About *automatically* dynamically adjusting choices: would be nice, but how is
this supposed to work?  Any ideas?  The only thing I could think of is a
allowing the user to choose which narinfo to use (e.g. from the list of found
narinfos try to choose a narinfo that has an IPFS URI).

Also, for (a) the shepherd service could use a "set-substitute-methods" option,
and perhaps the user (b) could be allowed to select a subset of these substitute
methods to use when running "guix build PACKAGE" and the like (but only a subset,
as "guix substitute" when invoked by the daemon runs as root and therefore the
potential attack surface shouldn't be increased beyond what the administrator
allows).

> All in all, I would prefer to wait until there’s a clear need for this
> abstraction.

See above responses.

WDYT?

Thanks,
Maxime.
M March 5, 2021, 8:05 p.m. UTC | #3
On Tue, 2021-03-02 at 21:37 +0100, Ludovic Courtès wrote:
> Hi Maxime,
> 
> Maxime Devos <maximedevos@telenet.be> skribis:
> 
> > This patch series is my suggestion for allowing
> > multiple "substitution methods" or "substituters"
> > as I call them.  Currently, only a method for HTTP/S
> > is defined, though I hope it will be a good basis
> > for a common framework for substitutes over GNUnet
> > and IPFS.
> 
> [Ludovic's reply]

(See previous mail for my responses)

FYI: I've implemented a GNUnet substituter using this patch series
and the "publish hooks" patch (+ an unsubmitted patch that passes
some extra information to the publish hook) here:

https://notabug.org/mdevos/guix-gnunet/src/download-hooks3

(Warning: it does some questionable things with add-to-load-path.
Will hopefully be fixed eventually.  Also requires
<https://notabug.org/mdevos/scheme-gnunet> in a special location.)

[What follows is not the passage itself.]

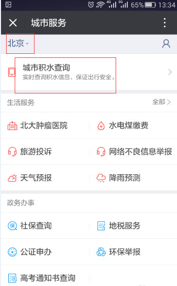 进入城市服务,点击城市用水查询,目前默认是北京地区。
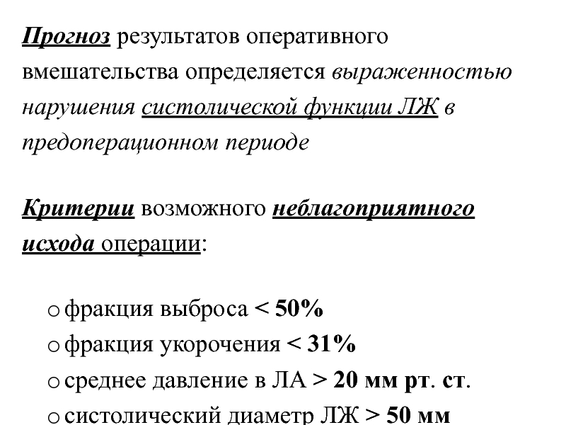 Слайд 26Прогноз результатов оперативного вмешательства определяется выраженностью нарушения систолической функции ЛЖ

Also, there's a bug in fetch-narinfos that causes an error if
the "fetch-narinfos" field of a subtituter is #f.  Also,
recognised-uri-scheme should be removed or reworked, as otherwise
the IPFS and GNUnet substituter won't be used for downloading a
substitute if http and https are not in the list.

I've worked around that for now by setting the latter '(http https file),
and setting the former to (const '()).

Greetings,
Maxime.
Ludovic Courtès March 12, 2021, 5:37 p.m. UTC | #4
Hi Maxime,

Maxime Devos <maximedevos@telenet.be> skribis:

> On Tue, 2021-03-02 at 21:37 +0100, Ludovic Courtès wrote:

[...]

>> As discussed on IRC, the daemon used to have support for multiple
>> substituters, but as a built-in C++ interface, which I removed in
>> f6919ebdc6b0ce0286814cc6ab0564b1a4c67f5f.
>
> Was there any particular reason this support was removed, beyond
> moving from C++ to Scheme and the absence of any alternative substituters?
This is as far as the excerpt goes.